I don't have much to say now (begging the question, "Why are you blogging?"), but I'm having one of those Sunday nights where the dread of the impending work week overwhelms me and next Friday at 5:00pm seems like it's at the end of a 100-mile long tunnel that I'm walking through with no cell phone service and it kind of seems like it might cave in any day now. However, there are some awesome things I've been distracting myself with lately that are perfect diversions, especially if you're also snowed in, so here are my unsolicited recommendations:

Start reading George R.R. Martin's A Game of Thrones if you haven't already. I'm obsessed and want to name my future children after the characters. Hermione is just too hard to spell. (Luna is obviously still in the running ;) )

Listen to Corrine Bailey Rae's The Sea. You've probably heard Put your records on but the whole album is full of passionate, heartfelt songs that improve even the dullest commutes. One of my favorites is Like a Star.

Also, you should read Dooce if you don't - especially if you want to know what a real blog looks like.

Instead of a long, slow collapsing tunnel, I hope your week turns out to be a short well-lit tunnel that ends in a beautiful city scape like the Fort Pitt tunnels - which are beautifully captured in The Perks of Being a Wallflower movie - which you should also go see. Happy December :)

Wherein I pretend to be domestic

Tuesday, December 4, 2012

I usually post about my culinary disasters on here - so decided to be optimistic today and post about a semi-success in the kitchen.

Big news:  I made a lasagna. And the world didn't end. And my only tears were onion-cutting induced.

I realized on Sunday that I don't think I've ever cut an onion before IN MY LIFE. Talk about a milestone. Regardless, I was borderline sobbing in my kitchen while doing so. Which is good, because recently I have only been crying about 4 times a week so I've been meaning to get my average back up. Fortunately, the only beings judging me for crying were the bugs in my oatmeal.

Granted, I did almost have a panic attack in the grocery store. That might be a slight overstatement, but does anyone else find grocery shopping overwhelmingly difficulty? There are just so many things and I have no idea where anything is. It's similar to how I feel when I try to pack for a trip or look at my email on a Monday morning.

It makes me wish our stores still looked the way they did in the Oregon Trail when you walked in and told the general store owner exactly what you need and he retrieved it from behind the counter. No moving involved! No struggling to read signs while pushing your cart around looking for parsley and then suddenly you bought 5 new colors of Essie nailpolish instead.

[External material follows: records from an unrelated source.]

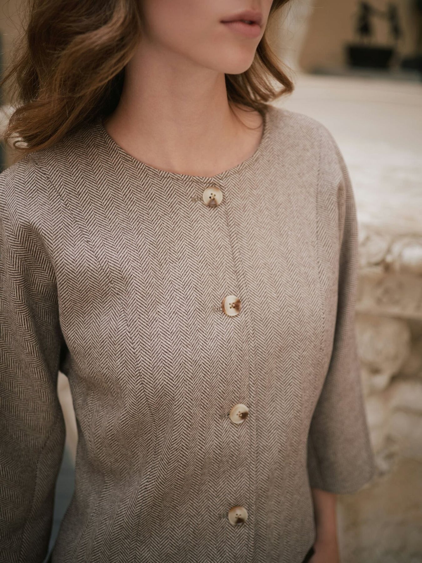 Neo Noir - Mesto Light Herringbone Jacket 167015 - 387 - White/Brown
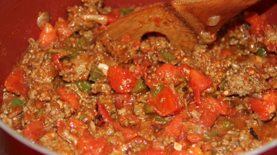 Чушките се изпичат, обелват и нарязват на парчета. Свинската и телешката кайма се раздробяват на парчета и се запържват в малко зехтин. Щом променят цвета си, се добавят нарязан на кубчета лук и чушките и се посолява. Щом лукът омекне, се слагат доматите, нарязани на кубчета, и се задушава на тих огън 10-15 минути. Чесънът се счуква и се добавя към сместа заедно с чубрица и босилек. Накрая се изсипват яйцата, разбърква се добре и се готви още 5-6 минути.
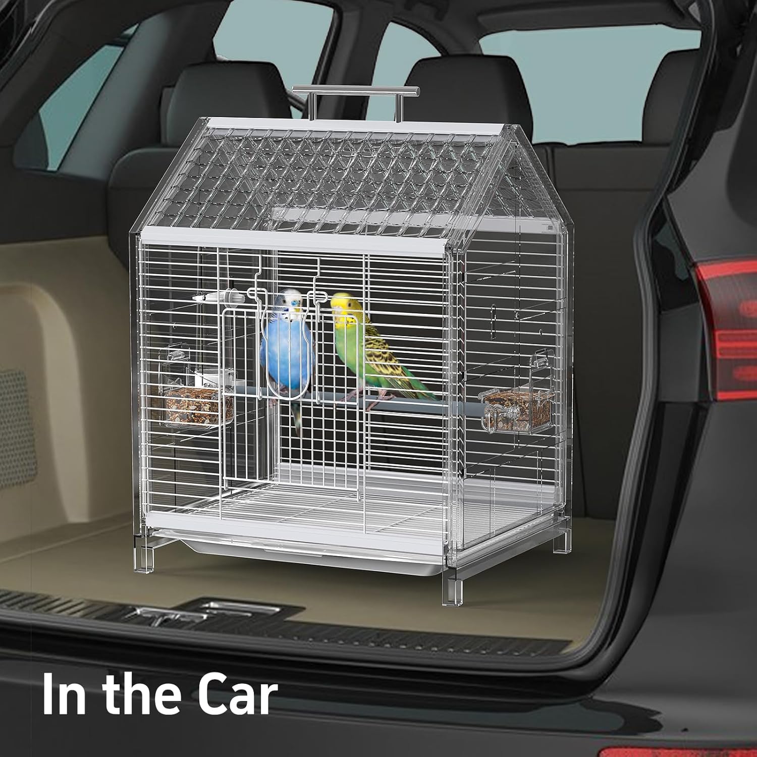 - 【Versatile for Multiple Settings】This bird cage is perfect for travel, accompanying you in the car (can be placed in the trunk or on the seat with a seatbelt secured), and is also suitable for home use, easy to move around the house. Whether it's for a short trip or everyday home use, it serves as an ideal habitat for your bird.
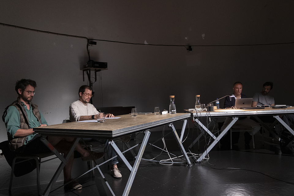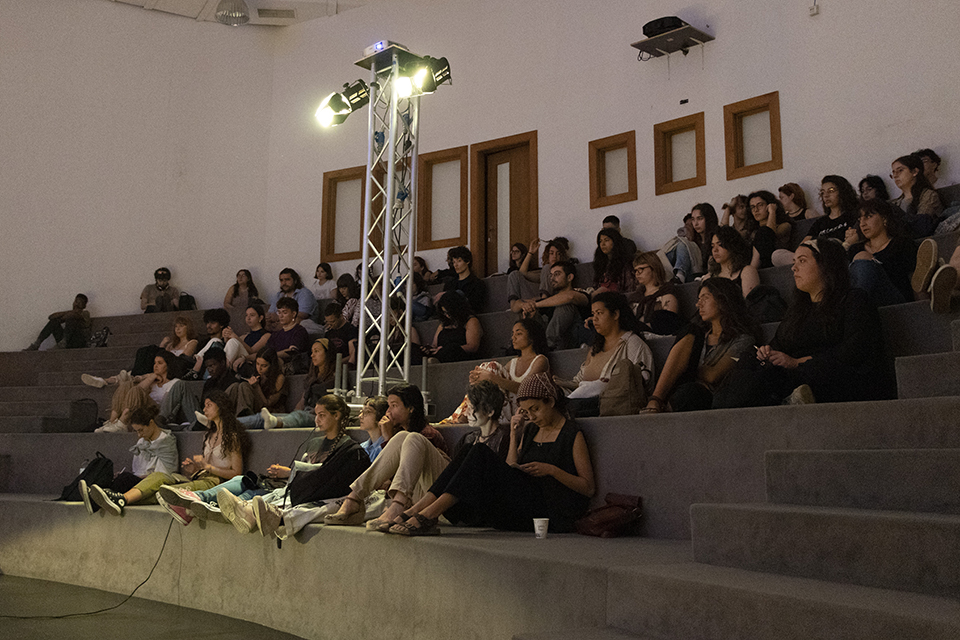 Num terceiro momento, a abrir a noite, desenhamos um círculo, um espaço de encontro, de rememoração e de troca em torno da exposição O Verdadeiro Lado da Manta debaixo da nespereira, no Centro de Artes, pretexto para começar a fixar, em modo oral, uma história da cena artística da cidade das Caldas da Rainha.
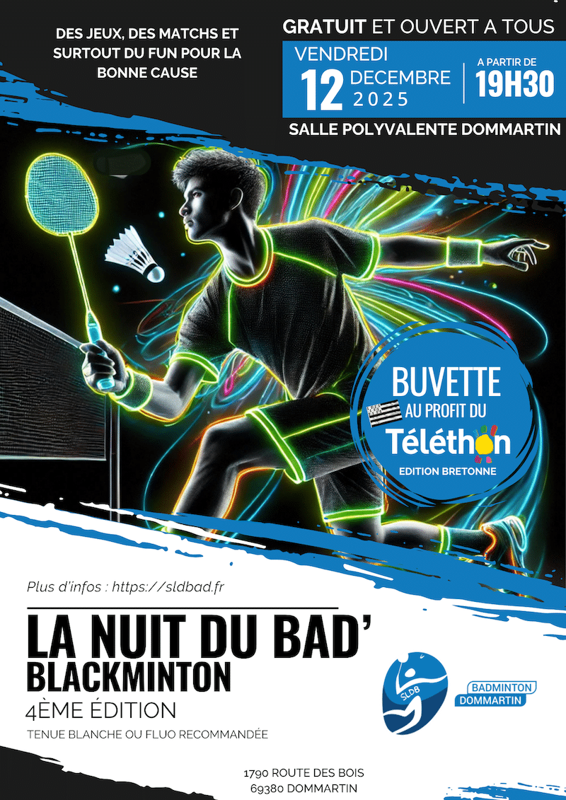 Pour la 4ème année, nous renouvelons notre nuit du bad au profit du Téléthon !
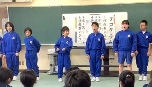 音楽で学習した、皆を元気にすることができる日本が誇る踊り「よさこい」を発表しました。鳴子を使った力強い動きや、リズムに合わせた元気な踊りを通して、みんなで協力する楽しさや大切さを学び、表現することができました。一人一人が役割を果たし、仲間と助け合いながら発表することで、「助け合い」の大切さを届けることができました。
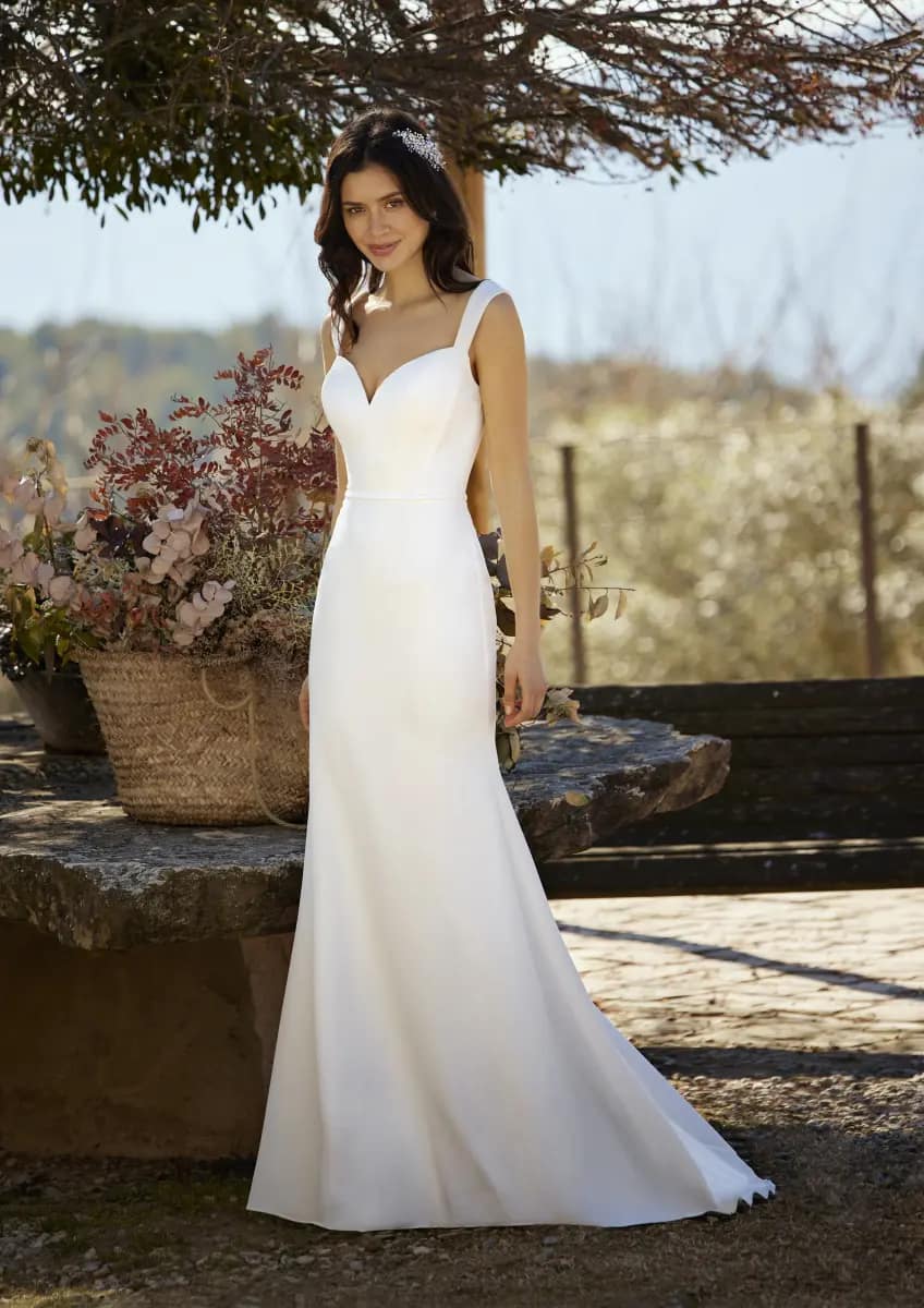 Trotz der kurzen Schleppe ist das Modell fein und märchenhaft – besonders beim Gang zum Hochzeitsaltar oder wenn du beim Tanzen in den Armen deines Liebsten bist.
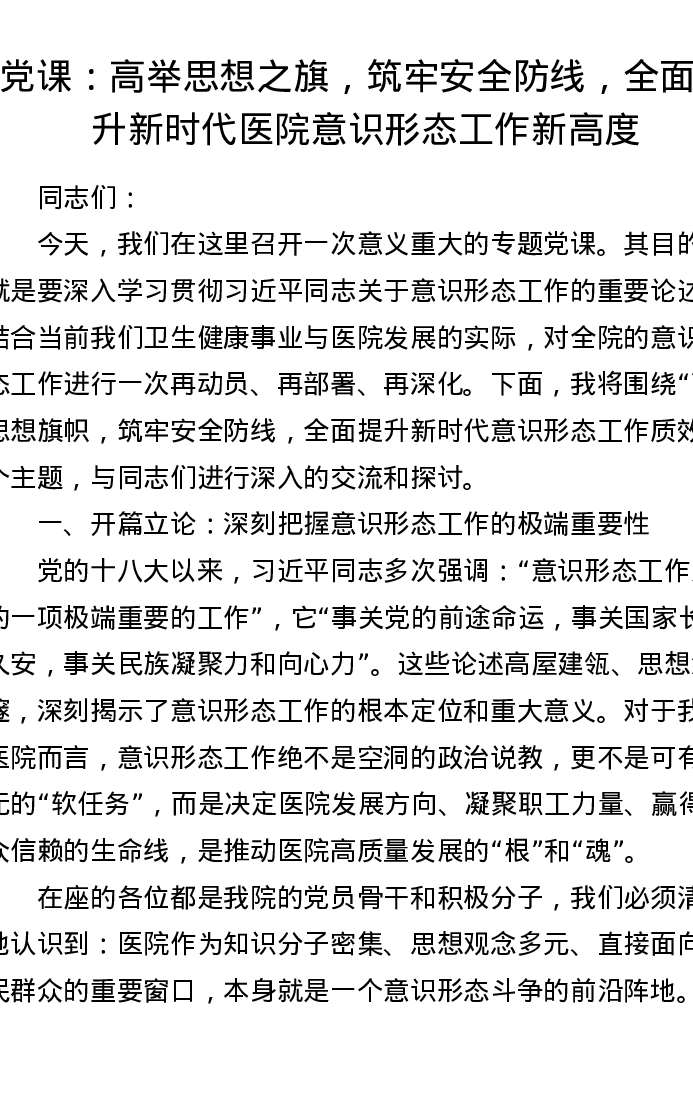 党课:高举思想之旗,筑牢安全防线,全面提升新时代医院意识形态工作新高度
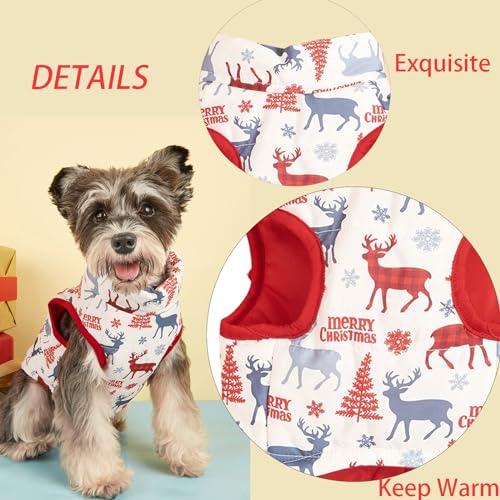 Cappottino Cane Caldo Cappotti e Giubbotti per Cane Piumino Cane Gilet Antivento per Cani con Motivo natalizio e Anello a D Retro per Cani di Piccola Taglia Media Grande (L, alce bianco)
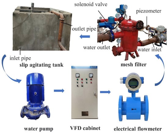 Among them, the reservoir measures 450.0 cm in length, 342.0 cm in width, and 180.0 cm in height. The centrifugal pipeline pump model is ISG125-200T, with a power rating of 37 kW and an operating frequency of 50 Hz. The flow rate in the experimental setup can be controlled by the power supply cabinet (model: XL-21, rated frequency: 50 Hz). Flow rate size was measured by an electromagnetic flowmeter (model: XFE125R1BM1R, accuracy class: 0.5, flow rate range: 13.25–500 m3/h), import and export pressure was measured by a digital pressure gauge (model: SIN-Y290, measurement range: 0–0.6 MPa, accuracy class: 0.5%). The experiment instruments also included a beaker, a cylinder, an electronic scale, and other equipment. During the experiment, the sandy water in the mixing tank flowed into the filter from the inlet pipe, was filtered by the screen, and, finally, the filtered water flowed out to the sedimentation tank from the outlet pipe.
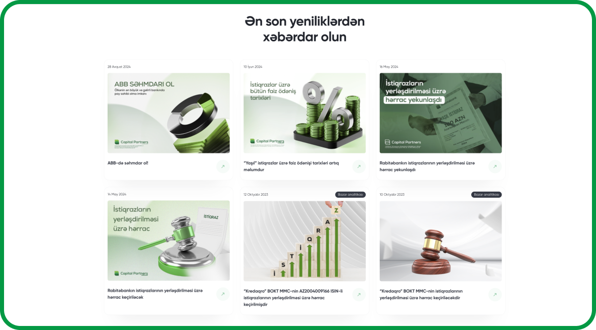 Saytın müasir və funksional strukturu nəticəsində istifadəçi təcrübəsi yüksəldi, məlumat axını asanlaşdı və şirkətin investisiya potensialı daha aydın şəkildə təqdim olundu.
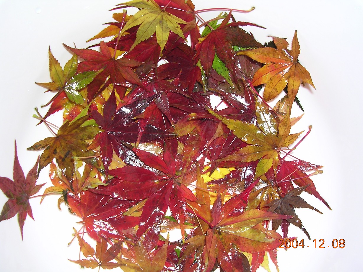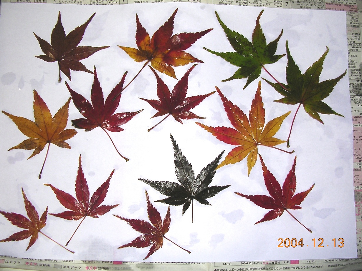 2004年12月上旬に山本暁子様が集めたモミジの落ち葉たちです。綺麗なので載せました。 |
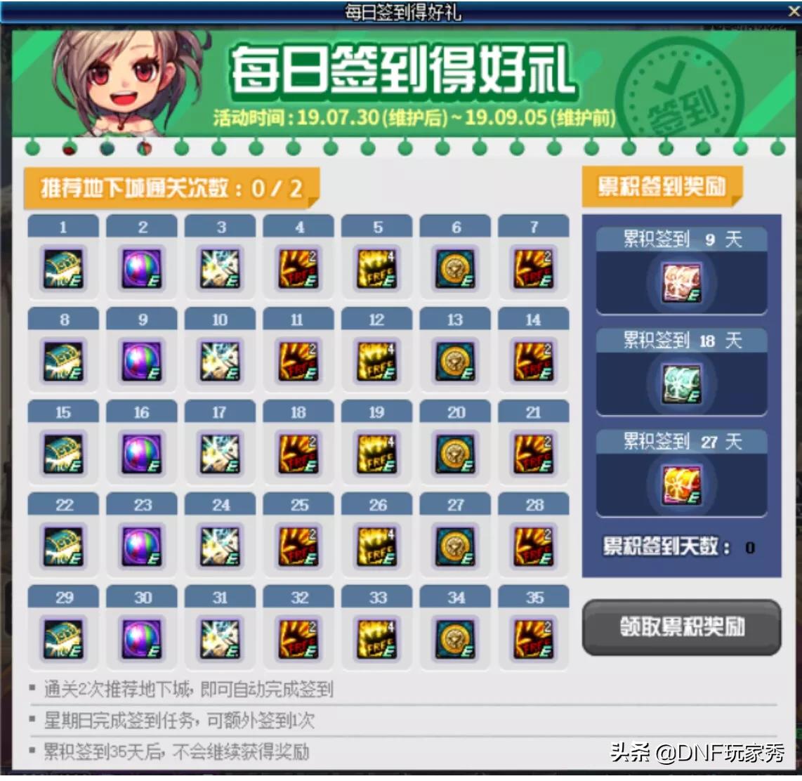 DNF将于7.30版本上线新的每日签到活动,这次活动签到的奖励可谓是空前豪华,居然有机会获取稀有装扮,我们一起来先睹为快!
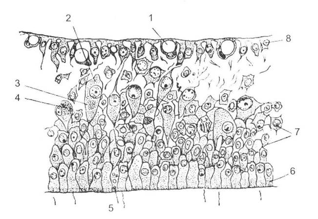 1 - веретеноподібна Клітина; 2 - дегенеруюча клітина; 3 - амебоїдна клітина; 4 - «спинний» епітелій; 5 - «черевний» епітелій; 6 - травна вакуоля; 7 - мітохондріальний комплекс; 8 — жир

but seriously, is there a support group I can join for this addiction?
In addition to having shopping be so much easier (why do I have to have 18 options for ricotta cheese? Why can't I have one?) I often wish I lived in an earlier era because then:

a.) I wouldn't get any emails.
b.) My name would be more contemporary.

Downside being women wouldn't have any rights. And, although I've never really dappled in it, I'm going to go out on a limb and say I would majorly suck at needlepoint.

Regardless - given my track record of kitchen catastrophes, I'm thrilled to report that: I survived the grocery store, my lasagna was made ...and eaten! No reported food poisoning. Yet. Merry early Christmas!